Si nada lo remedia, el próximo 29 de marzo de 2019 Reino Unido abandonará la Unión Europea,
en lo que supone un hecho sin precedentes porque nunca antes un país
miembro dejó de pertenecer al proyecto comunitario. Hemos descubierto
que el proyecto europeo no es irreversible. Por encima de cualquier otra
consideración, el Brexit es un error de dimensiones históricas, que
está marcando ya el momento actual de la UE y cuyas consecuencias vamos a
pagar tanto europeos como británicos.
Es un hecho innegable que la sociedad británica fue intoxicada con
numerosas campañas de desinformación, propaganda y noticias falsas. Cómo
no acordarse por ejemplo de aquella tramposa promesa de campaña de
devolver 350 millones de libras a la semana (unos 400 millones de euros)
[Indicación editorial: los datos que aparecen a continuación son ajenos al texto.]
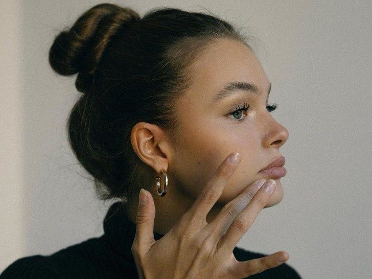 На работу лучше не оформлять лицо ярко: откажитесь от активного контуринга, плотного тона и интенсивного румянца. яркое оформление лица. Достаточно будет замаскировать покраснения, припудрить лицо, нанести немного румян и хайлайтер, которые сделают лицо отдохнувшим. Также можно слегка пройтись по периферии лица бронзером.Утренний уход
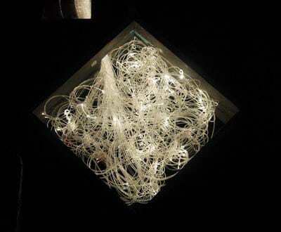 “I spent a while lacing the fibres in a random spread using 2 discrete holed fixing strips & then interweaved spaghetti-fashion the fibres individually,” he explained.
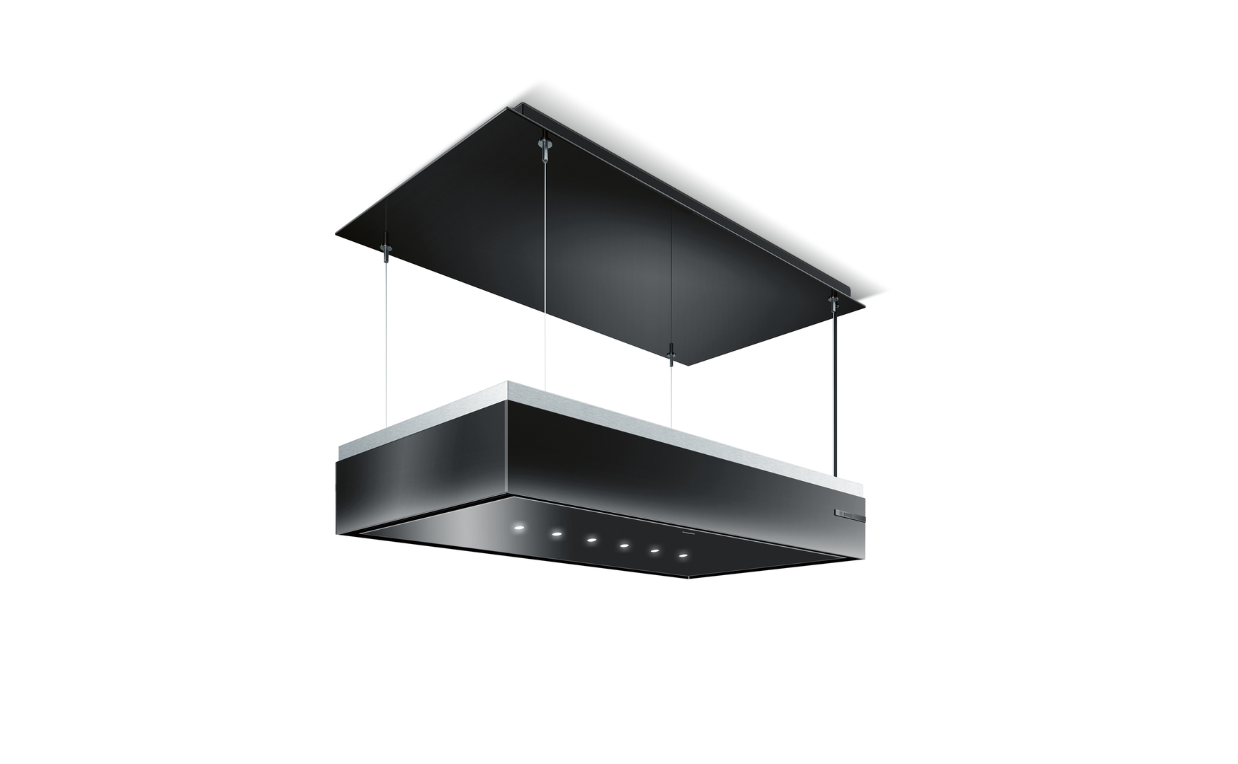 The extractor hood with lift function is equipped with a hob-based hood control including voice control. A CleanAir Plus pollen filter and a PerfectAir air quality sensor are also included. The height of the extractor hood can be adapted individually to the user and adjusted to up to five positions. The tinted glass with its discreet transparency gives the hood a floating appearance and creates an exciting material contrast in combination with the brushed stainless steel.
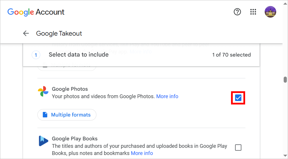 - Keep scrolling down, find Google Photos, and check the box next to it.
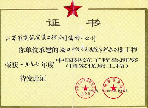 ??谑兄屑?jí)人民法院審判辦公樓位于??谑薪鹩盥?號(hào),1995年4月竣工,1996年6月被評(píng)為海南省優(yōu)質(zhì)工程,并榮獲海南省優(yōu)秀建筑二等獎(jiǎng),1997年12月榮獲魯班獎(jiǎng)。
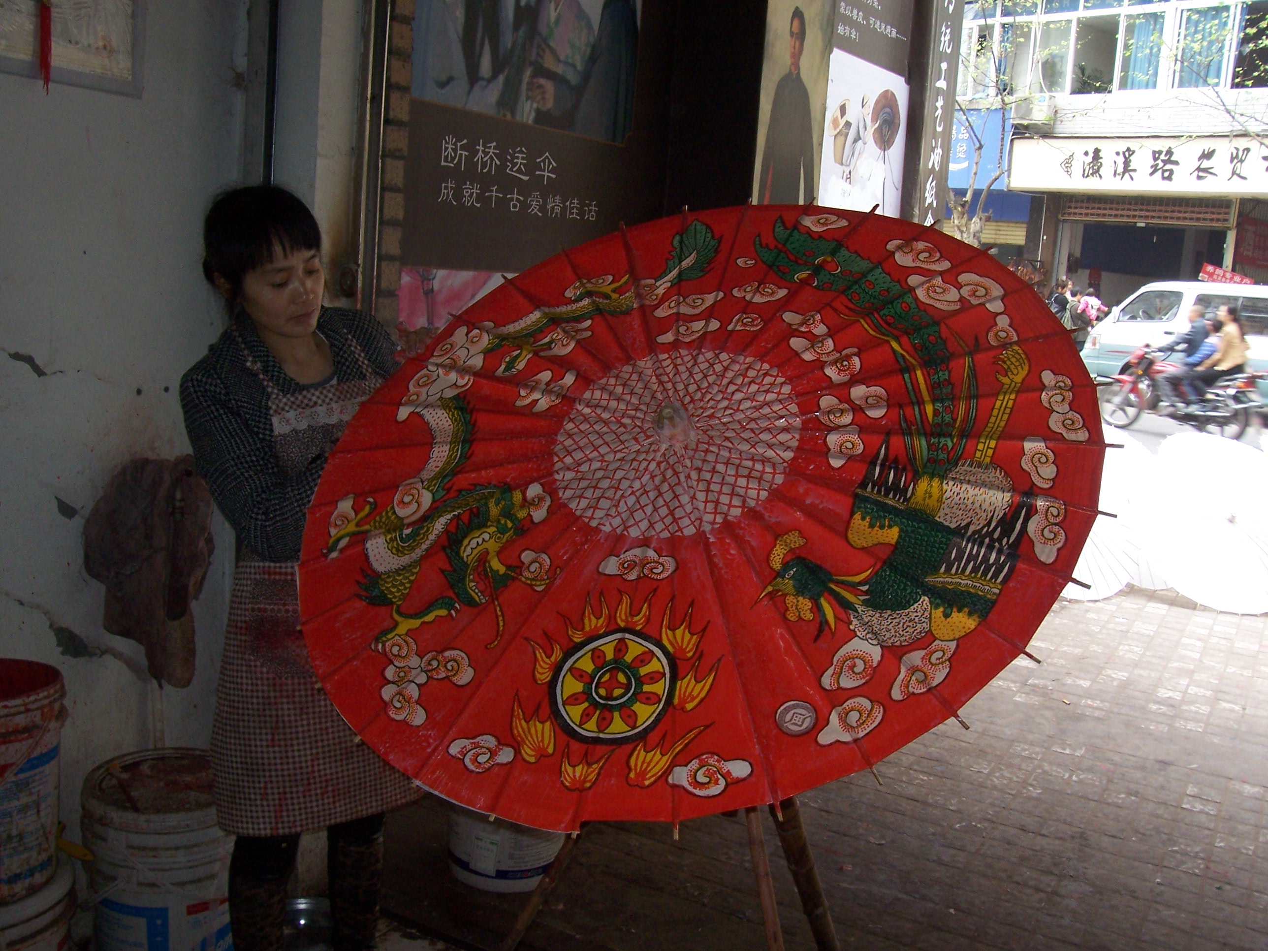 Even approaching our 1900’s building, the alleyway that once barely allowed cars to pass through now boasts not only better made market stalls and wide tiled walkways but traditional Chinese craft shops. Wood carving and bamboo umbrellas are the drawing point for tourists and those who are interested in purchasing gifts for friends. These were not here 3 years ago. The umbrellas are especially festive, lining the outside sidewalk while waiting to be strung and papered by their artisans.
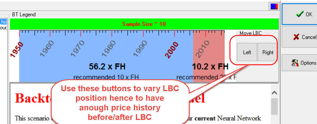 Now you should divide the whole downloaded price history in two intervals: blue - training, red - testing. LBC - the border between these intervals. Use these buttons to shift LBC position:
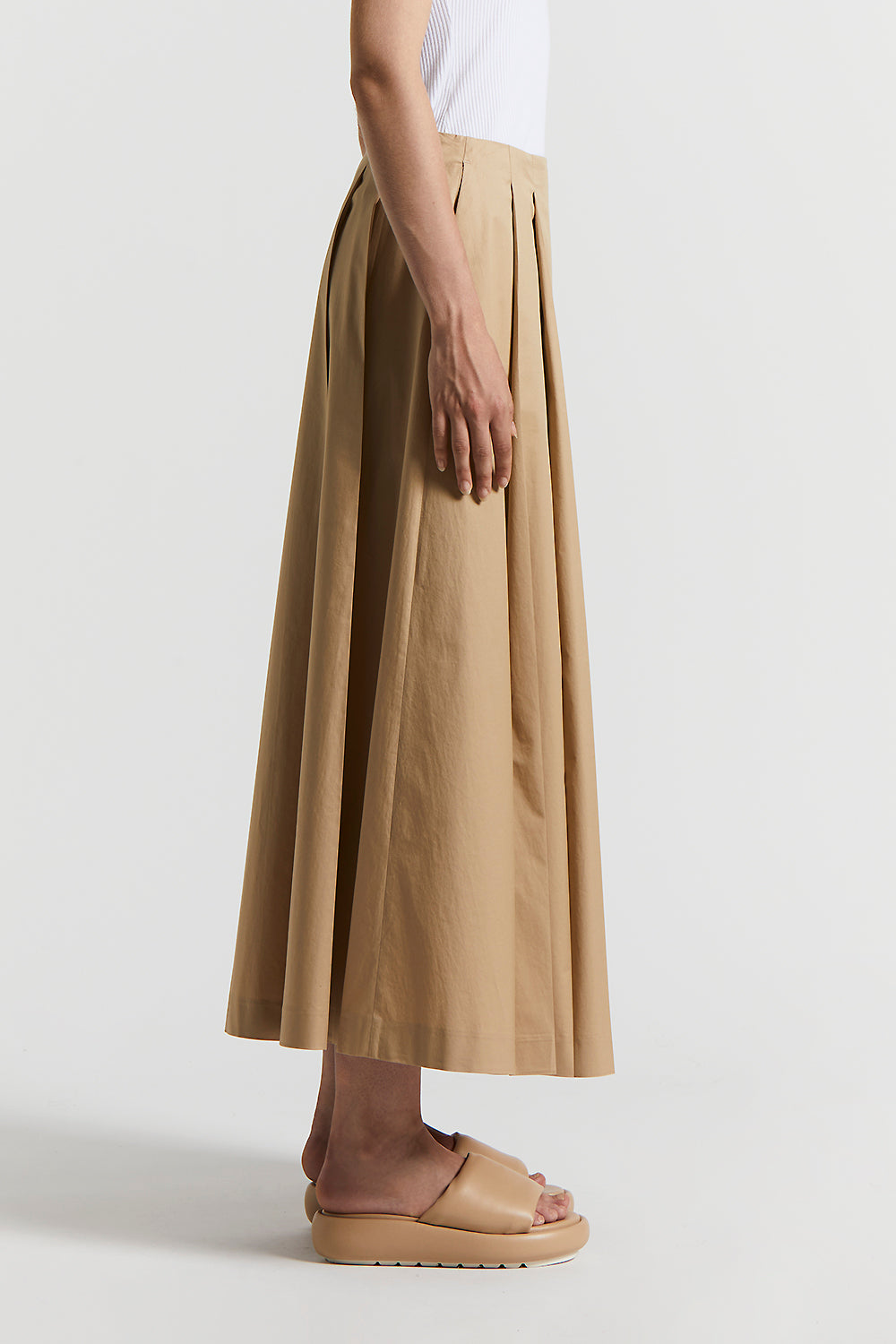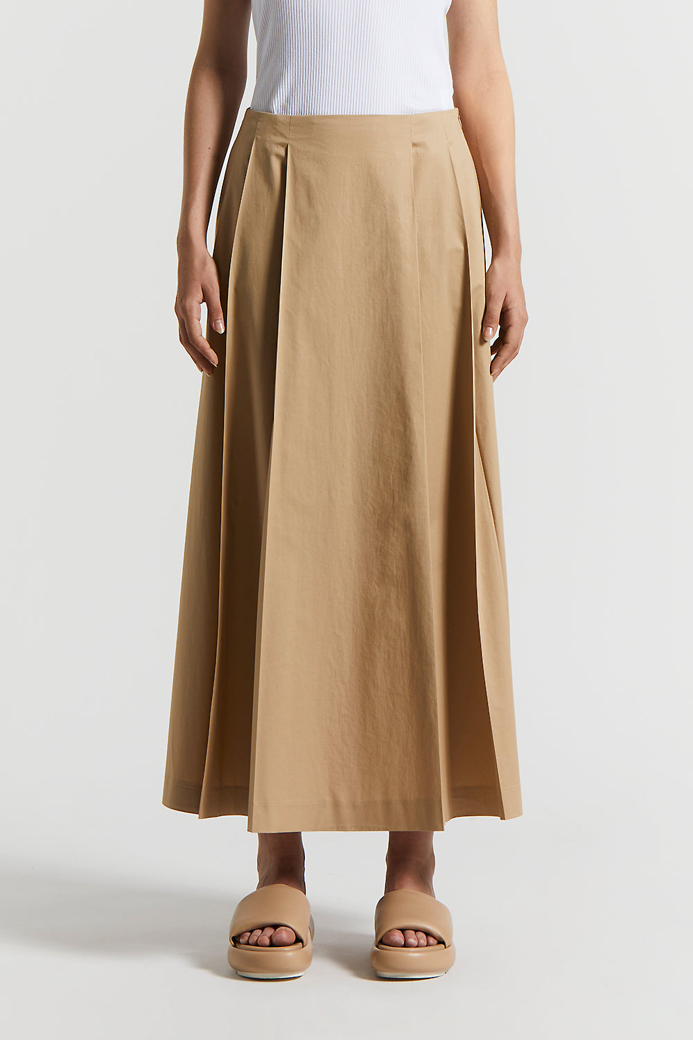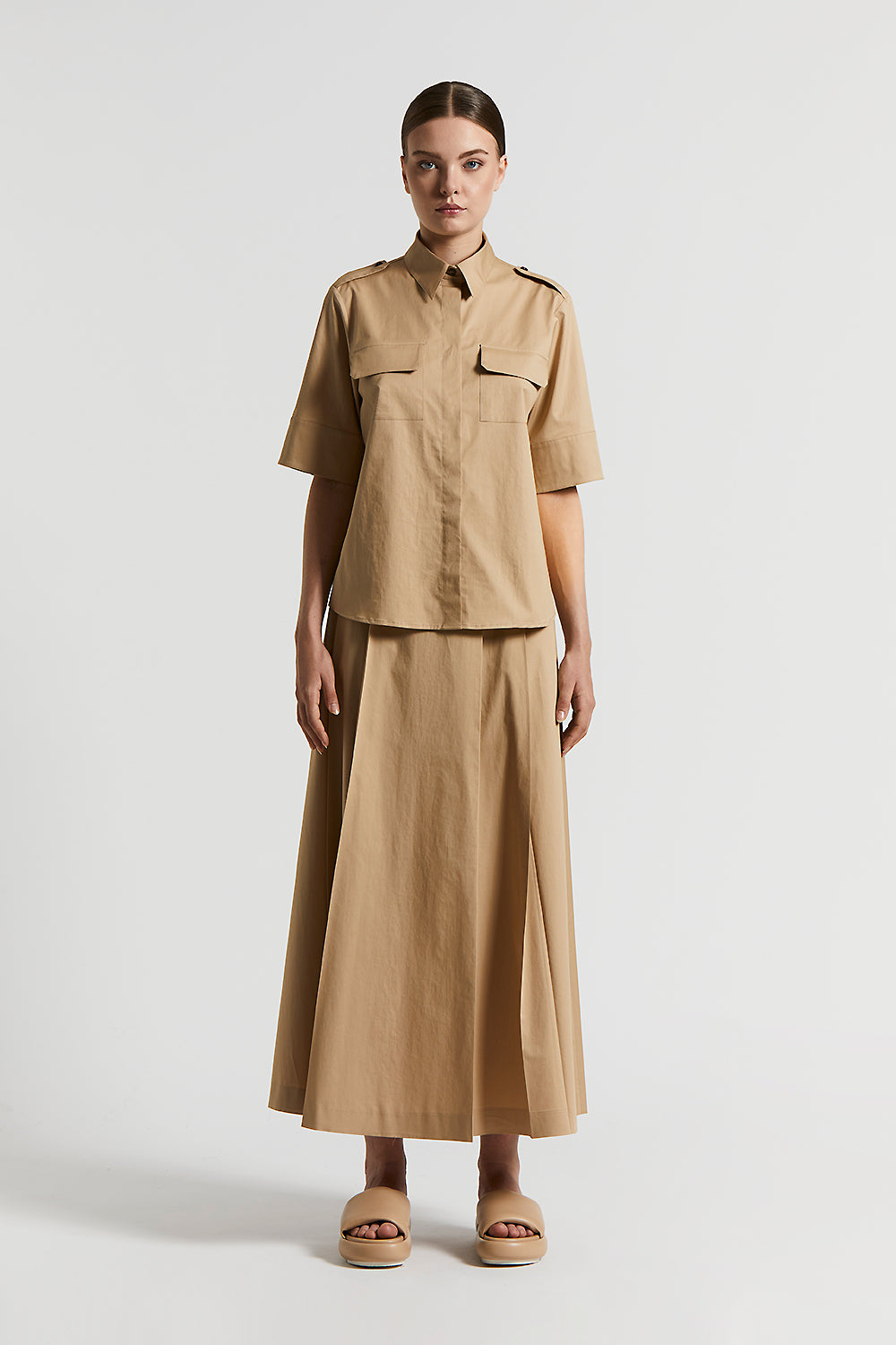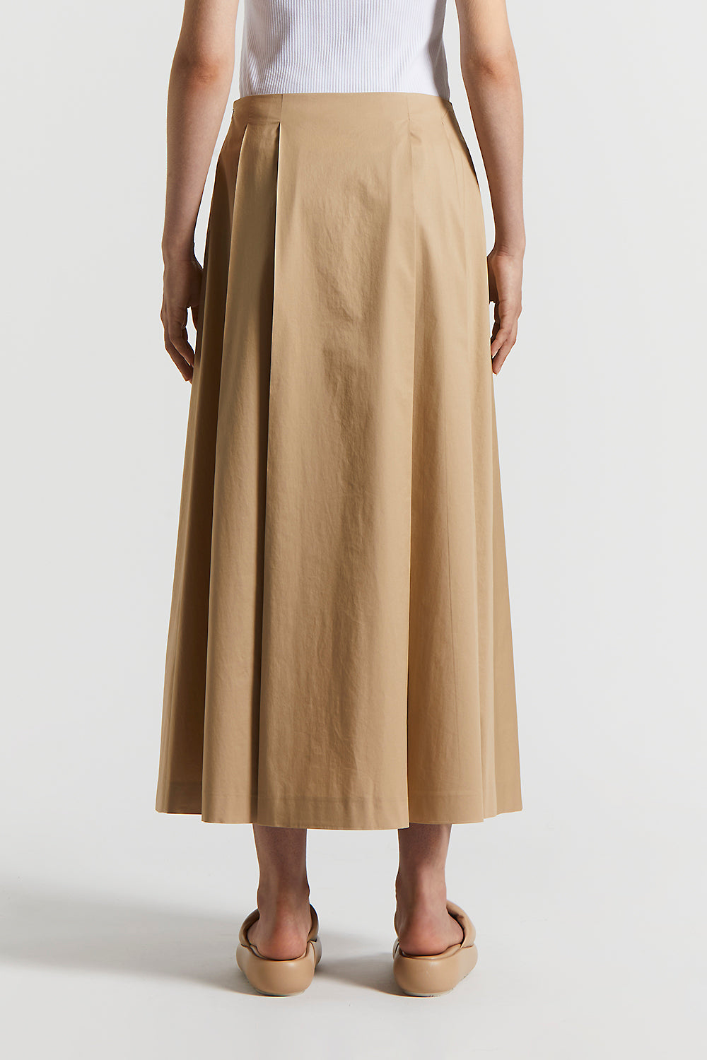 Peserico – Lightweight stretch cotton satin long skirt – Desert

al sistema nacional de Salud una vez concretado el Brexit. Pero hay
también otra lectura de los acontecimientos, la que revela que los
europeístas no hicimos lo suficiente para evitar el Brexit. Ya fuera por
ingenuidad o por cualquier otro motivo, nuestro silencio ante las
mentiras de los brexiteros fue también nuestra condena.
Pero dicho esto, no podemos olvidar que, además del Brexit que lo
condiciona todo, Europa se enfrenta en estos momentos a varios desafíos
de enorme envergadura. La crisis migratoria y de refugiados, aunque
ahora ocupe menos espacio en los informativos, sigue muy presente en los
países del Este y del Sur europeo. Las secuelas de la crisis económica y
social todavía se sienten en muchos países de Europa y en muchos
segmentos sociales porque esa crisis, no debemos olvidarlo, arruinó a
millones de familias y debilitó nuestro modelo de bienestar social.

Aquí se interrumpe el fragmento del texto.